7. Conclusion & Reflections
7.1. Conclusion Summary
The paper conclusively demonstrates that standard fine-tuning of VLA models damages their visual-language capabilities, leading to "blindness" in Out-Of-Distribution scenarios. They identify "Representation Collapse" and "Attention Sink" as the culprits. Their proposed solution, Visual Representation Alignment, effectively mitigates this by anchoring the VLA to a strong, frozen vision teacher. This method is simple to implement (an auxiliary loss) and yields significant gains in semantic grounding and generalization robustness.
7.2. Limitations & Future Work
- Limitation - Data Scale: The authors hypothesize that their method's inability to fully recover all domains (like Traffic signs) in VL-Think is due to the small size of the fine-tuning dataset (1400 trajectories).
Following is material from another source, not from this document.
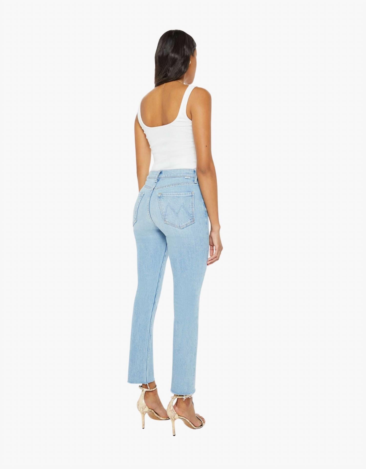 Meet the Pixie Dazzler Ankle Fray Jeans by Mother, a chic choice for those who love the high-rise style with a modern edge. Made from a durable cotton blend consisting of 97% cotton, 2.5% polyester, and 0.5% elastane, these jeans offer a classic straight leg fit in the Ivy League Cowboy light blue wash. They are crafted in Los Angeles with imported materials and feature an exposed button closure, along with a distinctive frayed ankle-length hem. Rise: 11", Inseam: 27.5", Leg Opening: 13". Machine wash.

The alignment regularizer can only do so much without sufficient data coverage.
- Limitation - Parameter Efficiency: They relied on LoRA (updating few parameters). They suggest that relaxing this constraint might allow for better recovery of concepts, though it would be more expensive.
- Future Work: Expanding the dataset breadth and applying this alignment strategy during the massive pre-training phase (not just fine-tuning) are suggested next steps.
7.3. Personal Insights & Critique
- Inspiration: This paper highlights a fundamental tension in Transfer Learning: Adaptation vs. Retention. We want the model to adapt to a new task (robotics) but retain old skills (vision). This is the "Catastrophic Forgetting" problem in disguise. The "Platonic Representation" solution—using a static teacher as a compass—is an elegant, computationally efficient way to navigate this trade-off.
- Applicability: This concept is not limited to robotics. It could apply to Medical AI (fine-tuning a general model on X-rays without losing general anatomy knowledge) or Legal AI.
- Critique: The reliance on a "frozen" projector is a clever but potentially restrictive trick. It assumes the Teacher and Student spaces can be linearly mapped. If the student drifts too far non-linearly, a frozen MLP might fail. Investigating non-linear or dynamic alignment techniques could be interesting. Furthermore, while the "Simpler" benchmark is good, validating this on real-world hardware is essential to prove the "Attention Sink" doesn't cause safety issues in physical interaction.